しかし、2人が日本にやってきた理由は漫才ではなく、日本語と機械工作技能の習得だ。
「生活費と授業料を払うためには漫才を続けるしかありません」と、ボケ担当のベトナム人留学生グエンさんは話す。この日は家電量販店、パチンコ店4件、居酒屋で計16回、朝から晩まで同じ漫才を披露した。労働時間は10時間。だが、マネジメント料ほか諸経費を引いたあと、2人の手元に残ったのは約2千円。時給換算で200円ほどにしかならなかった。
近年、安い賃金で雇えるとして、外国人留学生の労働力に依存する企業が増えている。
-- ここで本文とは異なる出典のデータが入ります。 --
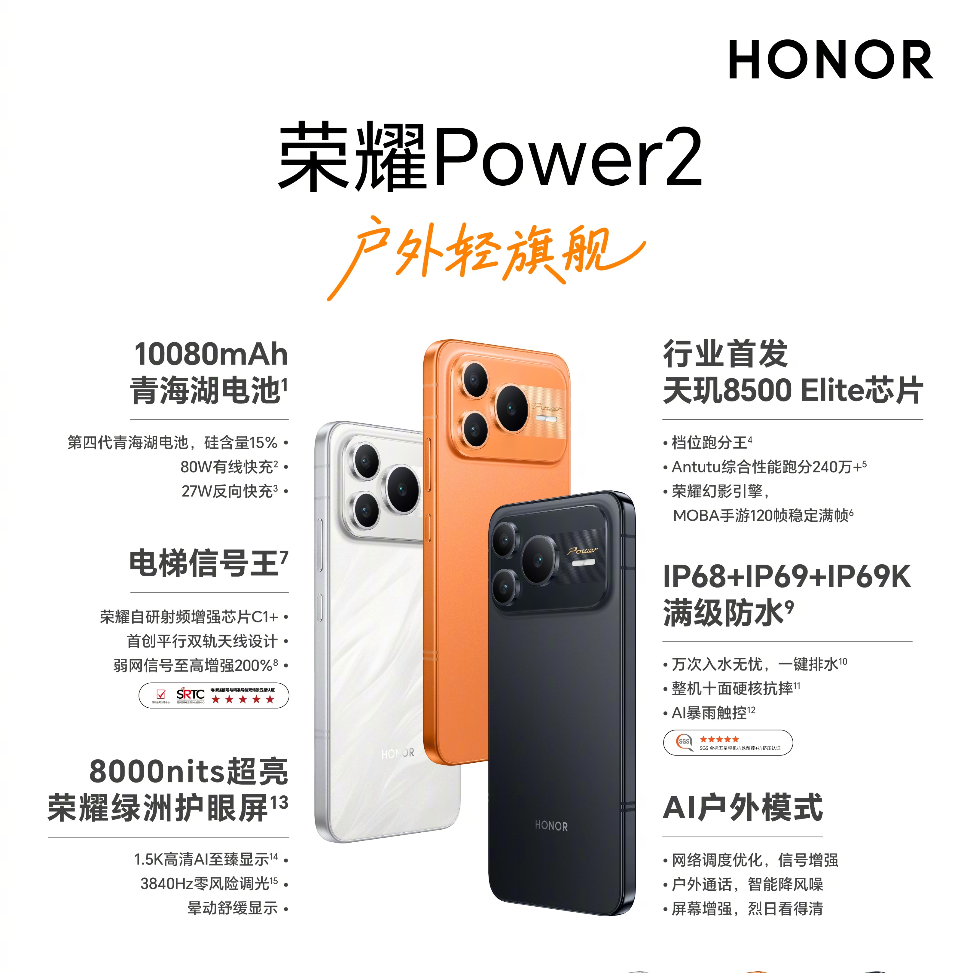 排名第五的是荣耀X70,抗跌防水和超大电池的组合还是挺好使的,相似配置的机型还有vivo Y500和OPPOA6等等,不过销量最好的还是荣耀X70。主打轻薄和大电池的荣耀500成绩也不错,在畅销榜中排在第12名,然后是两款定位更低的畅玩系列机型。需要重点分享的是荣耀Power2,该机的开售时间是1月9日,核心卖点是10080mAh电池、抗跌耐摔机身和天玑8500处理器,12GB+256GB版2699元。
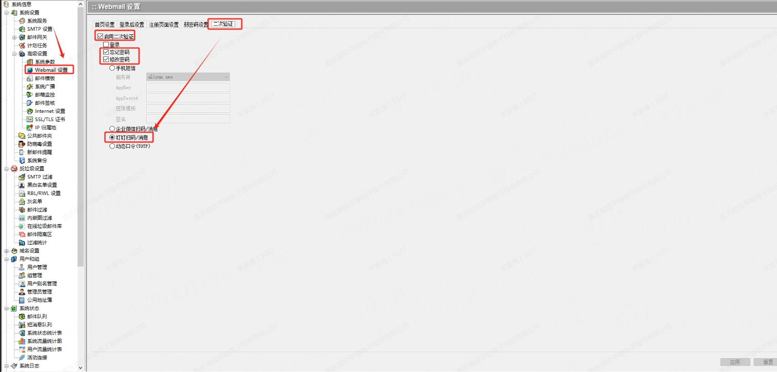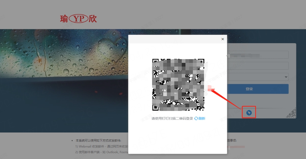 第一步:登录http://mail.jianzhan100.com:6080/网页版邮箱,按图示用钉钉扫描绑定
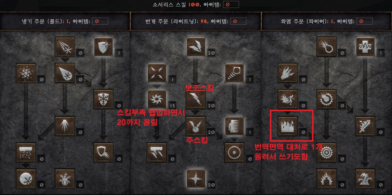 디아블로2 디아2 레저렉션 소서리스 소서 스킬트리
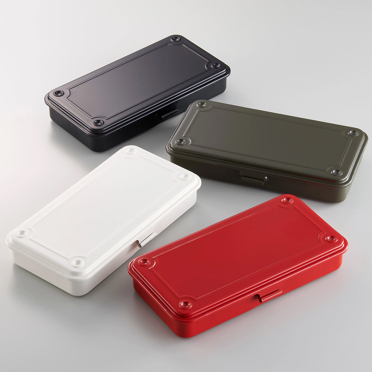 T-192 Trunk shape tool box by Toyo Steel. The T-192 is two-thirds the thickness of the existing T-190 series and ideal for smaller stationery items, especially pens. Made in Osaka since 1969, these tool boxes are a stylish addition to any desk. Holds small stationery items, sandwiches and little toys. Stackable with other Toyo Steel trunk shape tool boxes (T-190 and T-192) and available in a variety of colours.

これまでは縫製などの分野が主だったが、最近ではお笑いでも「家族が養えない」など生活苦を理由に若者から敬遠される傾向があり、その代わりに留学生が営業に出ることが増えているという。
外国人留学生の問題に詳しい留学生サポートセンターのソムチャイさんは「彼らはもともと日本の文化や日本語に興味を持っているので、『日本語で笑わせよう』という口説き文句にひかれて申し込むことが多い」と話す。だが実際には、現場で初めて会う相手とその日限りのコンビを組まされ、担当者から手渡された台本通りに漫才を演じることがほとんどだという。
「お笑い芸人という業種そのものが決して不人気というわけではなく、マネジメント会社が内容に見合う正当な賃金を支払っていないのが根本的な問題。中にはギャラの9割を持っていく会社もあるようです」と、ソムチャイさんは指摘する。
「お客さんが笑ってくれるのでやりがいはありますが、やりがいだけでは生きていけません。家族に仕送りもできません。ボケ担当なのにオチもなくてすいません」とグエンさんは話す。